_Data shown_
══════════
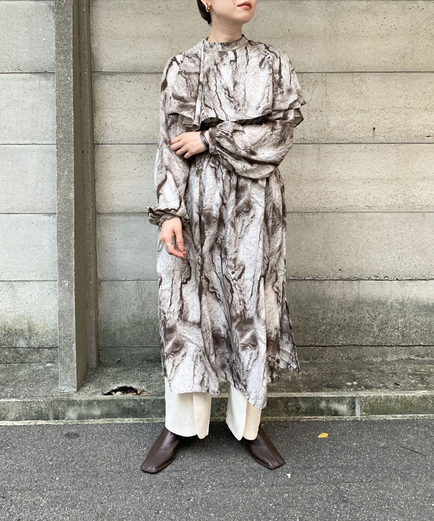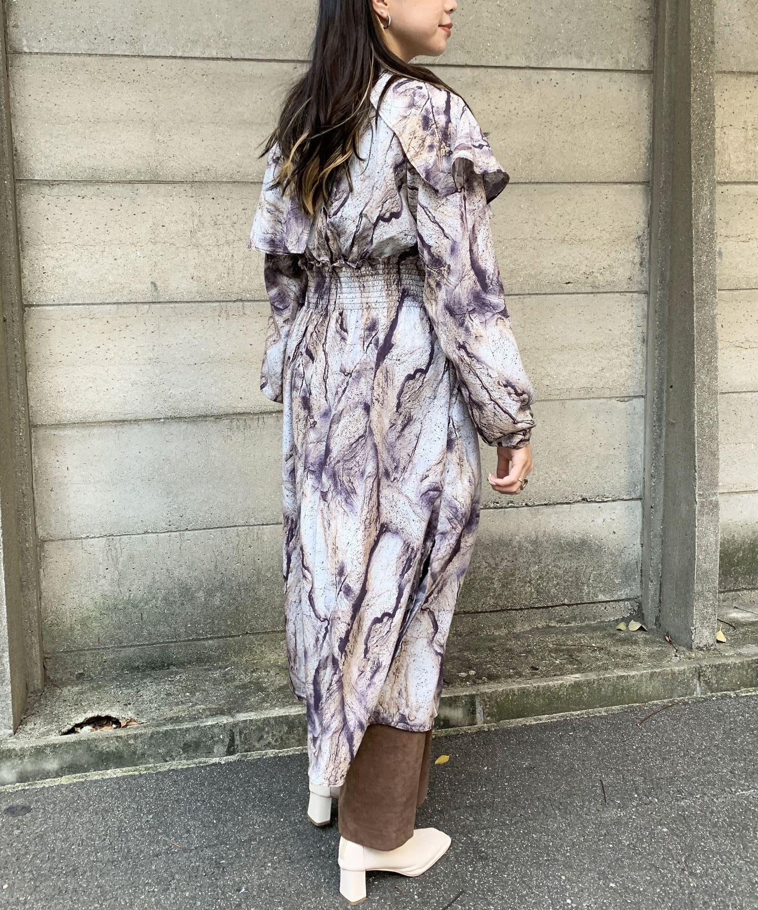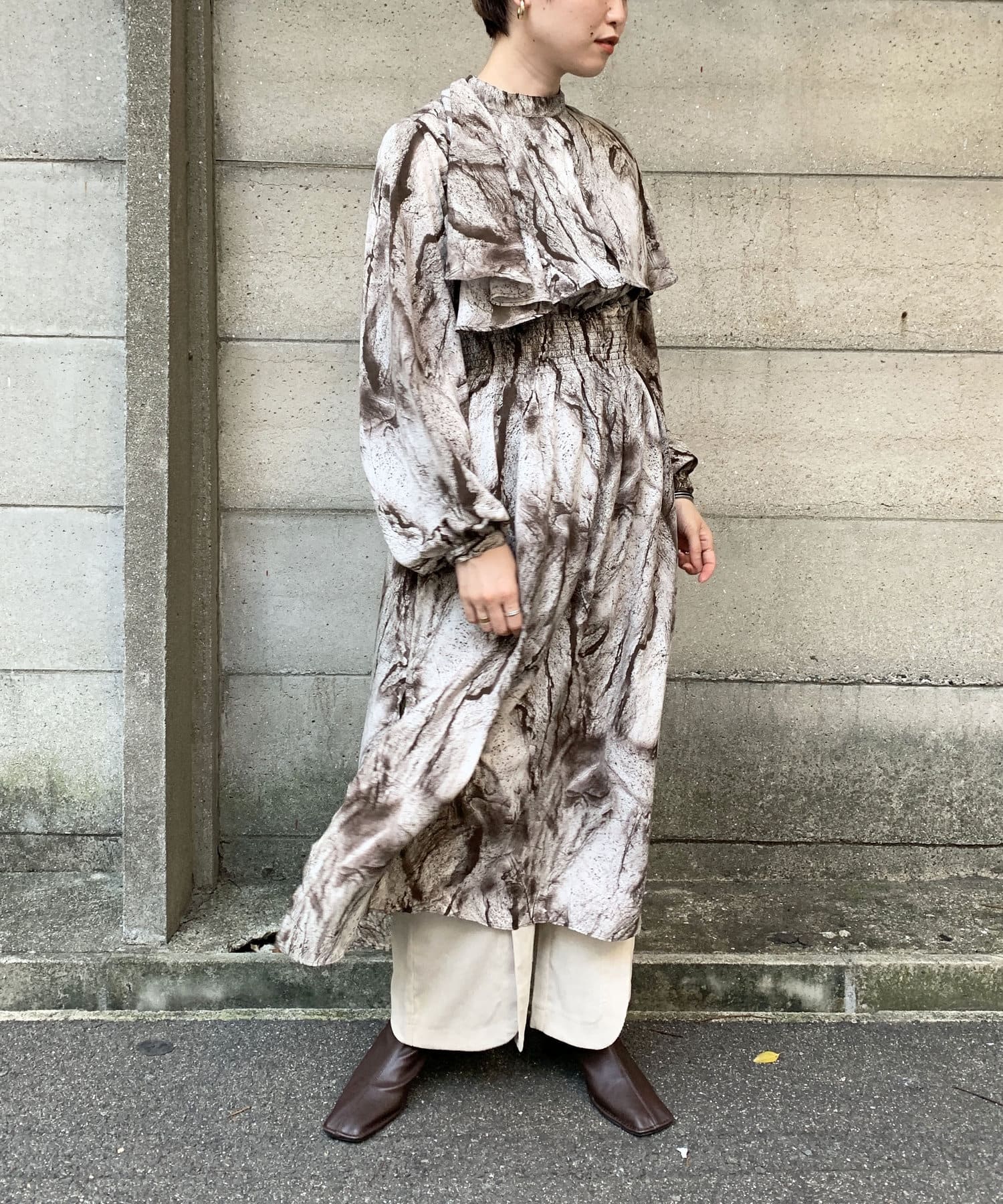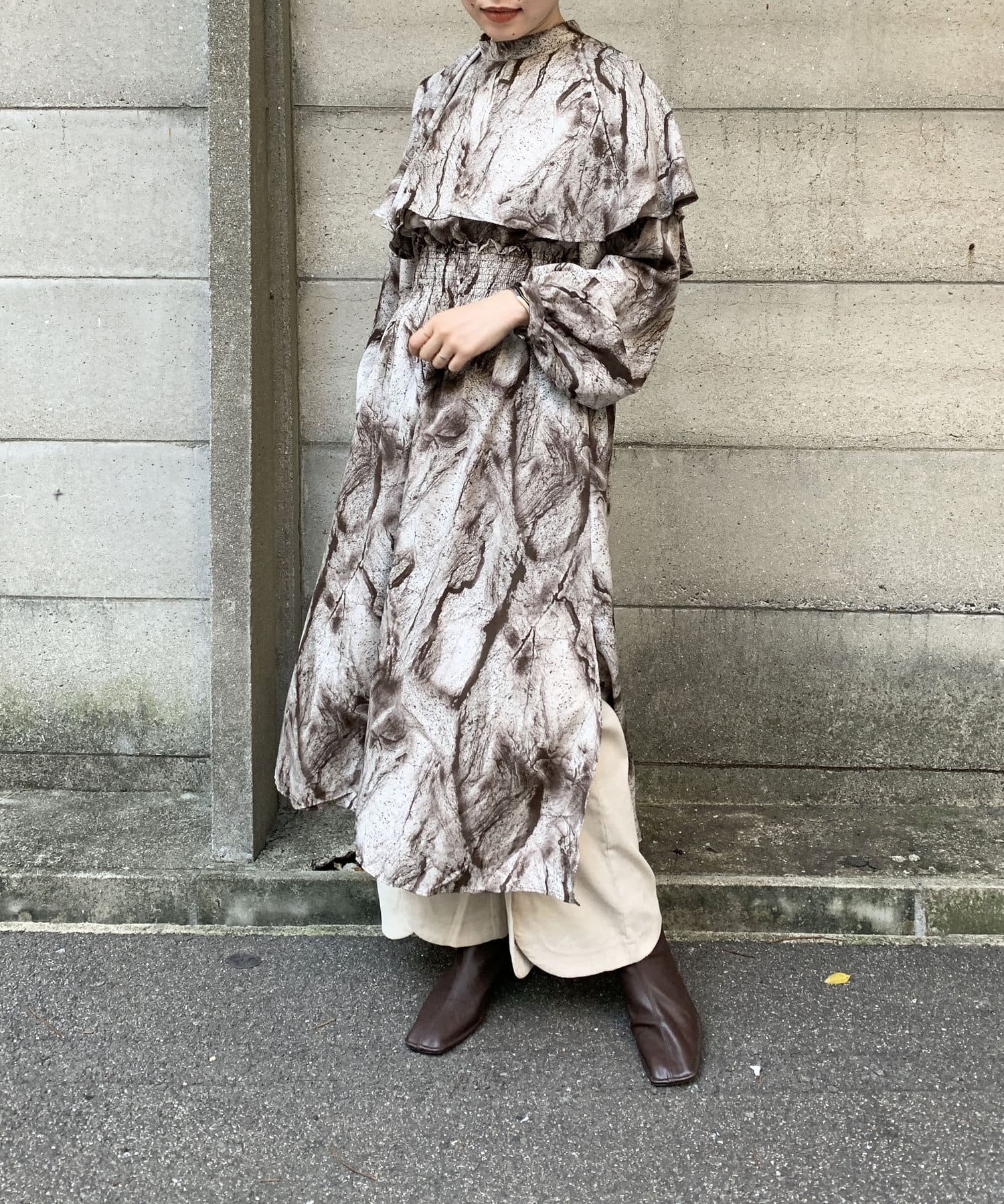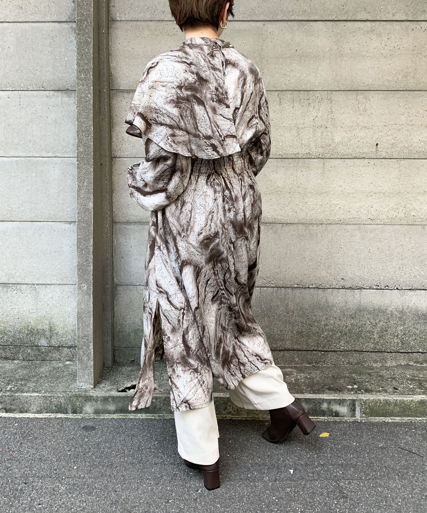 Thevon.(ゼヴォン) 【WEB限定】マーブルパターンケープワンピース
══════════
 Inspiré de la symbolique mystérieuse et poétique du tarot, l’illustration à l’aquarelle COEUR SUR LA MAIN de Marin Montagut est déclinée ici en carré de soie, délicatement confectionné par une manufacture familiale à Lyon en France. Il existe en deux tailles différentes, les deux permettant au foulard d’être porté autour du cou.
══════════
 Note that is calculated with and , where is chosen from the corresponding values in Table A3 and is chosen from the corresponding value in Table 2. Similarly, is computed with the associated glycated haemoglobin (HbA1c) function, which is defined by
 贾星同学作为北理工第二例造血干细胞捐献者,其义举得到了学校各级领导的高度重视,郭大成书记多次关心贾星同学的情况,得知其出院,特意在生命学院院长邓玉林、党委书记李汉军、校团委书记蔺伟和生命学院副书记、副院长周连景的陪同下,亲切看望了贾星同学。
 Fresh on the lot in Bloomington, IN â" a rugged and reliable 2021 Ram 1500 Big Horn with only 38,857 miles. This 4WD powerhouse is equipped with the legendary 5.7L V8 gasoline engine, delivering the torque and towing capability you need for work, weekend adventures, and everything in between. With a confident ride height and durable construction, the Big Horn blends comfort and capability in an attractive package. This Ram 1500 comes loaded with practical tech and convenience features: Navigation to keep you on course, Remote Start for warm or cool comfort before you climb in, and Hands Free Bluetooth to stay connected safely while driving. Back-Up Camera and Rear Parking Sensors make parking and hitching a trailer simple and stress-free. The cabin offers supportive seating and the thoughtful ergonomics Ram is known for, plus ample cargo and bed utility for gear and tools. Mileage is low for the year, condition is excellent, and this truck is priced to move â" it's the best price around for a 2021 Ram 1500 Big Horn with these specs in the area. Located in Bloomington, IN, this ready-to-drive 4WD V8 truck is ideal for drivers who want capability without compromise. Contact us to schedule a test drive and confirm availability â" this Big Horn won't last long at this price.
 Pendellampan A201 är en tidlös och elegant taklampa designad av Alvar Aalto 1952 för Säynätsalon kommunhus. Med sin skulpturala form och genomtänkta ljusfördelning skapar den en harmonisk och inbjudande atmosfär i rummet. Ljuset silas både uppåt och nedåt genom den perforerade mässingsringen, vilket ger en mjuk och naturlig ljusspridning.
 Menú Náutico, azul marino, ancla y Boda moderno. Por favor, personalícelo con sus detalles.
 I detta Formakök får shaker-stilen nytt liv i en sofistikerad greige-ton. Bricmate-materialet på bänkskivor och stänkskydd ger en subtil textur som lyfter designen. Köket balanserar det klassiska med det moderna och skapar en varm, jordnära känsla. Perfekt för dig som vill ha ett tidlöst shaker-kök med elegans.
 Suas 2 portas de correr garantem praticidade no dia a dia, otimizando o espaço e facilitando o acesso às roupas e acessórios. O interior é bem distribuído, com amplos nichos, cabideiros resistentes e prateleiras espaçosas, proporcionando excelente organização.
══════════
The response must hold only the lines above from the line with "Menú Náutico, azul" through the line with "Suas 2 portas", each copied exactly, both ends kept.

_Your solution_
 Menú Náutico, azul marino, ancla y Boda moderno. Por favor, personalícelo con sus detalles.
 I detta Formakök får shaker-stilen nytt liv i en sofistikerad greige-ton. Bricmate-materialet på bänkskivor och stänkskydd ger en subtil textur som lyfter designen. Köket balanserar det klassiska med det moderna och skapar en varm, jordnära känsla. Perfekt för dig som vill ha ett tidlöst shaker-kök med elegans.
 Suas 2 portas de correr garantem praticidade no dia a dia, otimizando o espaço e facilitando o acesso às roupas e acessórios. O interior é bem distribuído, com amplos nichos, cabideiros resistentes e prateleiras espaçosas, proporcionando excelente organização.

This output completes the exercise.